++++ Data section

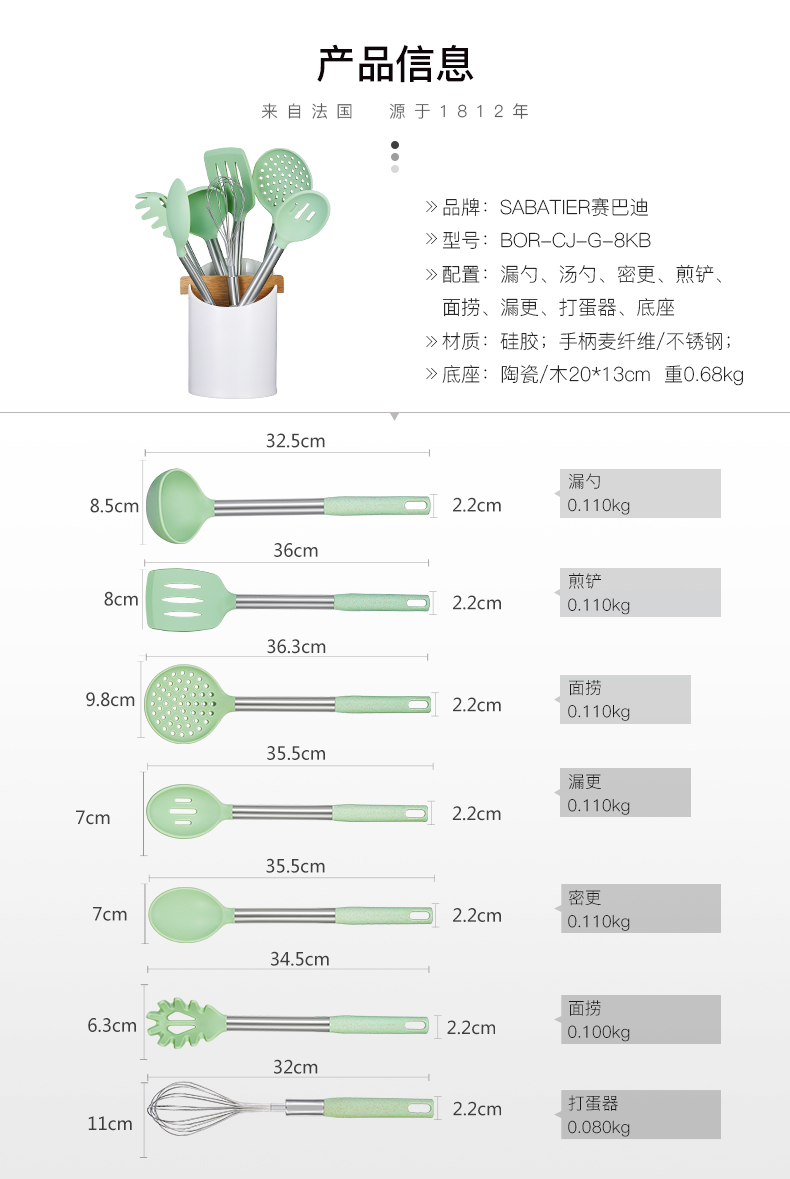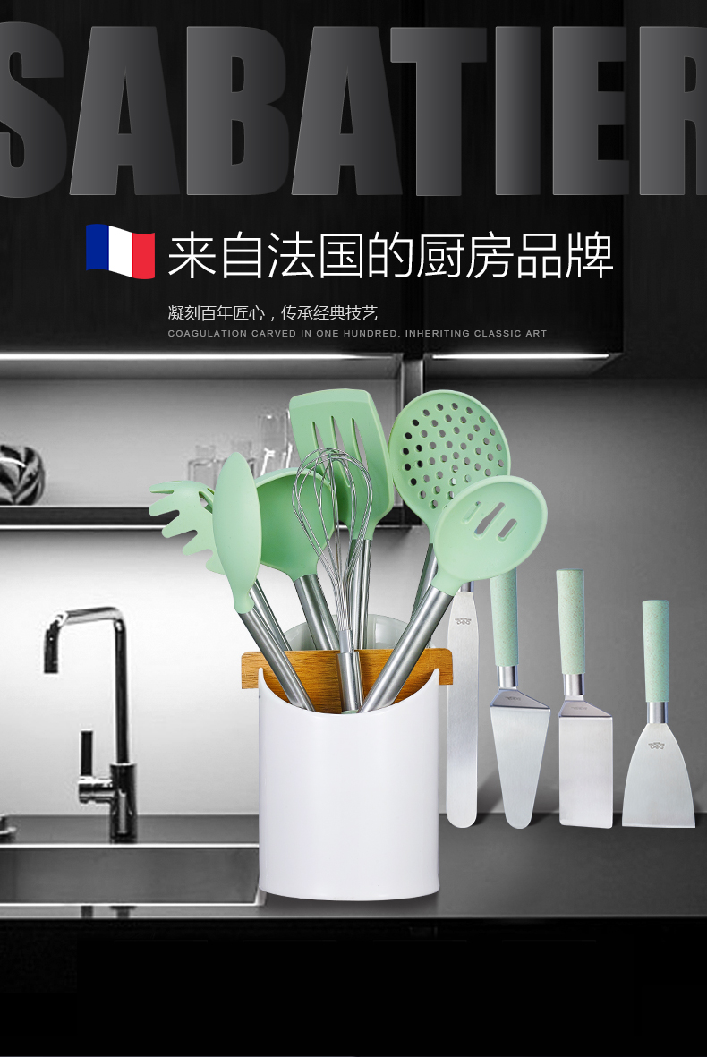法国赛巴迪波尔多不粘锅家用硅胶铲勺隔热耐高温轻便厨具八件套
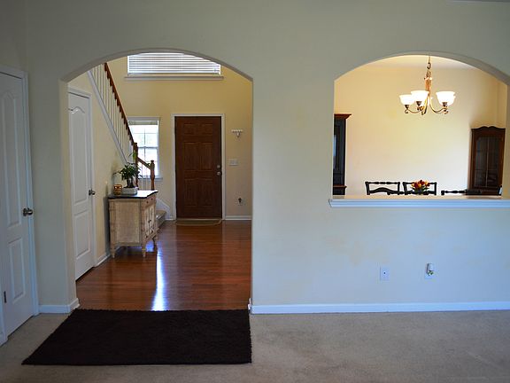 This spacious 2500+ square foot home has loads of features! A majestic two story Foyer greets you upon entering with beautiful hardwood flooring, which is carried through to the Study/Den and formal Dining Room.The Study has a ceiling fan and French doors while the Dining Room boasts loads of room for family dining and/or entertaining. this space also has an opening into the Great Room, making it feel even larger. The Great Room is open to the Kitchen area and has warm and comfy carpeting, ceiling fan and Fireplace with gas logs. A bar area separates the Kitchen and provides a great place for quick snacks or lunch. Warm cherry colored cabinets are featured in the Kitchen with black appliances, electric range and dishwasher. Ceramic tile flooring is used throughout the Kitchen and Breakfast Room. From the Breakfast Room you can access the Patio, walk-in Laundry Room and the two car Garage. Upstairs, there are five Bedrooms. The Master Bedroom is generously sized and features a trey ceiling, ceiling fan, full
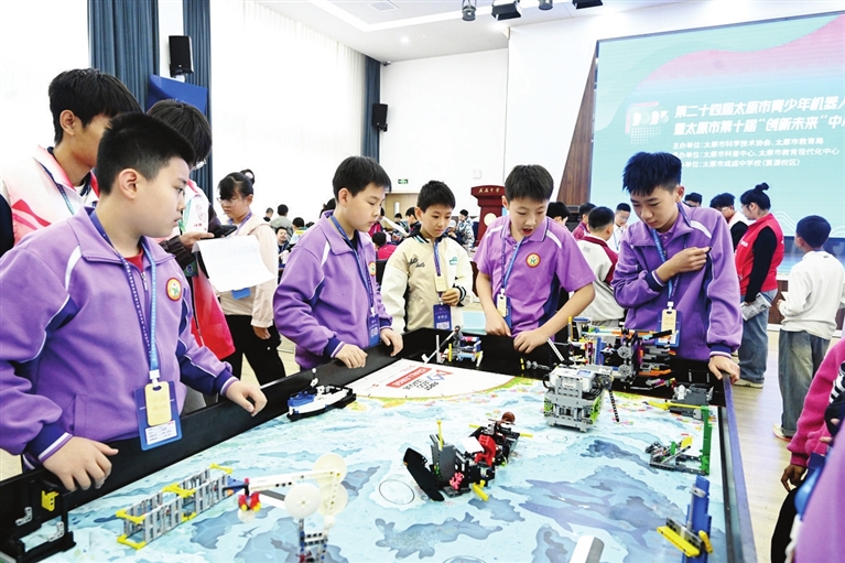4月19日,由市科学技术协会、市教育局联合主办的第二十四届太原市青少年机器人竞赛暨太原市第十届“创新未来”中小学生机器人竞赛活动在成成中学晋源校区举行。张昊宇 摄
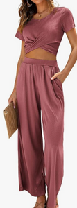 Get 40% off with code and coupon on this cute 2-piece set. Featuring a short sleeve, ribbed knot crop top, and wide-leg pants with pockets. Available in sizes S-XXL. Don't miss out on this fabulous deal for a trendy and coordinated look! šļøš #TwoPieceSetChic #FashionFinds #SavingsBonanza #linkinbio ad

++++++++

**Brief**
In the answer, the data should reappear exactly, with no pictures.

**Solved problem**
法国赛巴迪波尔多不粘锅家用硅胶铲勺隔热耐高温轻便厨具八件套
 This spacious 2500+ square foot home has loads of features! A majestic two story Foyer greets you upon entering with beautiful hardwood flooring, which is carried through to the Study/Den and formal Dining Room.The Study has a ceiling fan and French doors while the Dining Room boasts loads of room for family dining and/or entertaining. this space also has an opening into the Great Room, making it feel even larger. The Great Room is open to the Kitchen area and has warm and comfy carpeting, ceiling fan and Fireplace with gas logs. A bar area separates the Kitchen and provides a great place for quick snacks or lunch. Warm cherry colored cabinets are featured in the Kitchen with black appliances, electric range and dishwasher. Ceramic tile flooring is used throughout the Kitchen and Breakfast Room. From the Breakfast Room you can access the Patio, walk-in Laundry Room and the two car Garage. Upstairs, there are five Bedrooms. The Master Bedroom is generously sized and features a trey ceiling, ceiling fan, full
4月19日,由市科学技术协会、市教育局联合主办的第二十四届太原市青少年机器人竞赛暨太原市第十届“创新未来”中小学生机器人竞赛活动在成成中学晋源校区举行。张昊宇 摄
 Get 40% off with code and coupon on this cute 2-piece set. Featuring a short sleeve, ribbed knot crop top, and wide-leg pants with pockets. Available in sizes S-XXL. Don't miss out on this fabulous deal for a trendy and coordinated look! šļøš #TwoPieceSetChic #FashionFinds #SavingsBonanza #linkinbio ad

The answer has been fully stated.